Package 'VLMCX'

Title: Variable Length Markov Chain with Exogenous Covariates
Description: Models categorical time series through a Markov Chain when a) covariates are predictors for transitioning into the next state/symbol and b) when the dependence in the past states has variable length. The probability of transitioning to the next state in the Markov Chain is defined by a multinomial regression whose parameters depend on the past states of the chain and, moreover, the number of states in the past needed to predict the next state also depends on the observed states themselves. See Zambom, Kim, and Garcia (2022) <doi:10.1111/jtsa.12615>.
Authors: Adriano Zanin Zambom Developer [aut, cre, cph], Seonjin Kim Developer [aut], Nancy Lopes Garcia Developer [aut]
Maintainer: Adriano Zanin Zambom Developer <[email protected]>
License: GPL (>= 2)
Version: 1.0
Built: 2025-03-06 02:46:25 UTC
Source: https://github.com/cran/VLMCX

Help Index


Akaike Information Criteria for VLMCX objects that compose Variable Length Markov Chains with Exogenous Covariates

Description

Computes the Akaike Information Criteria for the data using the estimated parameters of the multinomial logistic regression in the VLMCX fit.

Usage

AIC(fit)

Arguments

fit

a betaVLMC object.

Value

a numeric value with the corresponding AIC.

Author(s)

Adriano Zanin Zambom <[email protected]>

Examples

set.seed(1)
n = 1000
d = 2

X = cbind(rnorm(n), rnorm(n))
p = 1/(1 + exp(0.5 + -2*X[,1] - 3.5*X[,2]))
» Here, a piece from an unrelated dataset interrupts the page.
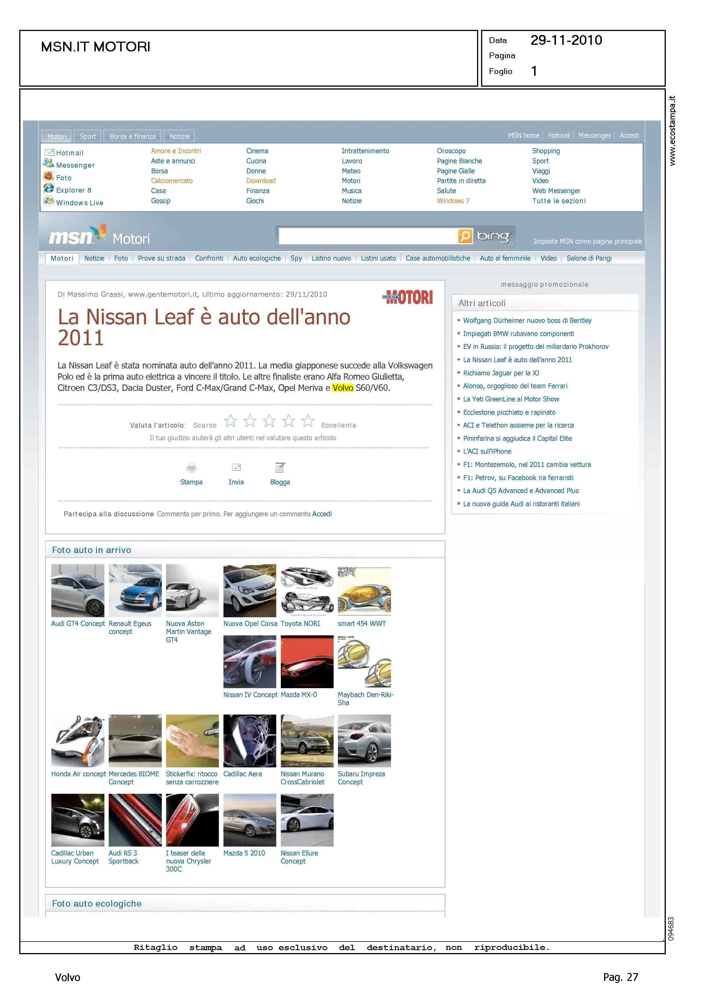 Author: Line: Corporate Model: Corporate Subject: - Title: LA NISSAN LEAF E' AUTO DELL'ANNO 2011Highlight: ELETTA L'AUTO DELL'ANNO 2011 - VOLVO S60/V60, 6/145 PUNTI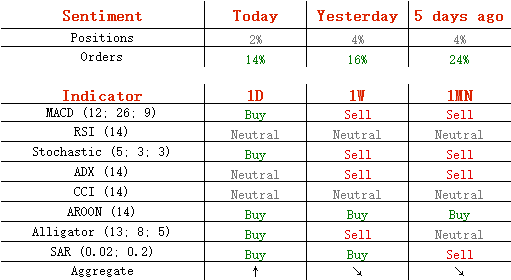 昨日,黄金涨至1220.00附近后遇阻回落,收了阴线。目前,短期均线呈多头排列,走势总体震荡偏多。但是,鉴于中期走势震荡偏空,日线、4小时动能指标拐头向下,因此不排除继续回调的可能性。今日,上方关注1210.00阻力位,下方关注1200.00主要支撑位。如果向上突破1210.00,金价将再次测试1220.00主要阻力位;但如若跌破1200.00,黄金将跌至布林带中轨附近。

y = c(sample(1:0,1), rbinom(n,1, p)) 

fit = maximum.context(y[1:n], X, max.depth = 3, n.min = 25)
draw(fit)
AIC(fit)
##[1] 563.5249

fit = VLMCX(y[1:n], X, alpha.level = 0.001, max.depth = 3, n.min = 25)
draw(fit)
AIC(fit)
##[1] 559.4967

Bayesian Information Criteria for for VLMCX objects that compose Variable Length Markov Chains with Exogenous Covariates

Description

Computes the Bayesian Information Criteria for the data using the estimated parameters of the multinomial logistic regression in the VLMCX fit.

Usage

BIC(fit)

Arguments

fit

a betaVLMC object.

Value

a numeric value with the corresponding BIC.

Author(s)

Adriano Zanin Zambom <[email protected]>

Examples

set.seed(1)
n = 1000
d = 2

X = cbind(rnorm(n), rnorm(n))
p = 1/(1 + exp(0.5 + -2*X[,1] - 3.5*X[,2]))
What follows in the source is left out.